What we're seeing now is the Stranger-Things-esqe Upside Down of caution-based savings. It's “despair-based spending” – consumption driven not by confidence or denial, but by the belief that saving won't matter anyway. If you don't think you'll ever own a home, why penny-pinch for a down payment? If retirement feels like a joke, why max out your IRA? If the planet might be uninhabitable in fifty years, why not see Paris now?
This inverts the usual economic logic. Instead of spending when we feel secure and saving when we feel scared, we're spending because we feel scared. The anxiety itself becomes the justification, even if it’s hidden behind a layer of “YOLO” and “do it for the plot” language. So many americans are so far from financial security, we’ve come all the way around to the other side of the circle.
For many people, this math actually maths. Saving $300 a month sounds responsible, but when you're trying to accumulate enough for a $50,000 down payment on a $400,000 house, or when you're staring down $80,000 in student debt, those monthly contributions feel like tossing pennies into the ocean. The numbers are so astronomical, the timelines so long, that meaningful progress feels impossible within any human planning horizon.
Or even in the recession psychology mindset. If I can save $300 a month, and I think we’ll enter a recession next year, that gives me twelve months during which I could save… $3,600.00. That’s barely one month of expenses for an average household.

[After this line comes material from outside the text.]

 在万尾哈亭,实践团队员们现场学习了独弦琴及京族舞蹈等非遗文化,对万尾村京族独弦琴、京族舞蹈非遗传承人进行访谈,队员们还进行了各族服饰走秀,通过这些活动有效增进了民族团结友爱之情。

So, we buy the pants. We book the trip. We order the DoorDash. YOLO.
There's another economic principle at play here that is more commonly known: people with less money have to spend a greater share of their income just to survive. When you're living paycheck to paycheck, there's no room for the kind of long-term financial planning that builds wealth. Every dollar is already spoken for between rent, groceries, insurance, debt payments and the other expenses that make living… uh… worth it(?).

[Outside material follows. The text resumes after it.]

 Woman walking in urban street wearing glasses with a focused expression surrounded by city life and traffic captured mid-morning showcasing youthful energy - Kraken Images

And here's where economic nihilism adds an additional layer. When the difference between ending the month with $500 in savings versus $250 is the difference between buying the nice thing or not, a lot of us are choosing the nice thing. Not because we're financially, but because we've done the math on what $250 in savings actually buys us in the long run: basically nothing.
This is, in my opinion, where Hank's analysis, focused on AI investment and wealthy households, misses the plot. Yes, the top 10% are spending because they're rich and getting richer. But the rest of us are spending too, for entirely different reasons. We're spending because we've lost faith in the future.
Social media amplifies this in both directions. On one hand, we're bombarded with the patina of influencers vacationing, live streaming their luxury unboxings, and cheering, "treat yourself!" On the other hand, we're doomscrolling past climate disasters, political chaos, and economic inequality. In other words, “the world is ending, so what's the point?”
These two forces, indulgence and despair, feed on each other. The nihilism justifies the spending, and the spending provides temporary relief from the nihilism. It's a loop, and it's keeping money moving through the economy even as faith in that economy crumbles.
All of this is sharing in the spirit of “Yes, and”-ing Hank's argument. His points about AI investment, deficit spending, and the wealth effect are all valid. Markets are definitely betting that Trump will prop up the economy to protect his own power. The wealthy are absolutely driving consumption because their assets are appreciating.
Underneath all of that, there's a class of folks spending money they don't have on things they don't need because they don't believe in the future they're supposed to be saving for. That's economic nihilism. And it's not just a social problem or a mental health crisis, it has become a macroeconomic force in its own right.
I think that is why the economy hasn't crashed yet. Not because we believe it will get better, but because so many of us have stopped believing it matters.